United waited until the listings were over, then told me I had violated their rules. Even though 100% of the proceeds went to charity, United still views what I did as a "sale." Moreover, United penalized me by taking away two systemwide upgrades which, based on the Ebay auctions, were worth $500 each. Even worse, United took away the upgrades from the Ebay bidders. So, they did not get what they bargained for. The charities already have the money, so I cannot get it back to return it! I protested with United, but got nowhere.

I am done with United Airlines. Hello American!

Friday, May 8, 2009

Cancer as a Political Issue

For the eight years of the Bush administration, our political were dominated by an irrational fear of terrorism. Even now, with President Obama providing immeasurably better leadership, terrorism still plays far too large a role in our political debate. Terrorism killed a total of approximately 3,000 people in the continental United States on September 11, 2001. It has killed approximately zero since then.

Cancer, on the other hand, kills thousands of people every day. Cancer is the greater threat to public health, by a huge margin. In fact, in terms of the threat to publich health, terrorism is lower than the common cold, while cancer is at the very top of the list. As far as I am concerned, a death by terrorism is no worse, and maybe in some ways much better, than a death by cancer. Yet, we spend far more money on preventing terrorism than we do preventing cancer.

The most important function of a government is to do for the people what they cannot do for themselves individual. This includes things like building roads, maintaining a currency, national defense and disease control. Basic cancer research is far too expensive and far too long term for any individual to undertake it alone.
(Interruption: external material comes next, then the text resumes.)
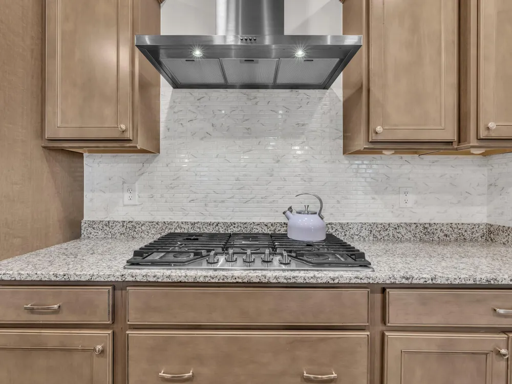 - Built-In Gas Oven, Dishwasher, Disposal, Gas Cooktop, Microwave, Range Hood, Stainless Steel Appliance(s), Water Heater

Only the government can fund it adequately.

Moreover, the benefits of successful advances benefit not just all Americans, but everyone on the entire planet -- as well as everyone who is born in the future. The market cannot provide adequate incentives under those circumstances.

If there is anything that our government should do for us, it is to fund basic cancer research and make the result as widely available as possible. This is something that we all have an interest in, and it should be a major political issue, well ahead of relatively smaller threats, such as terrorism.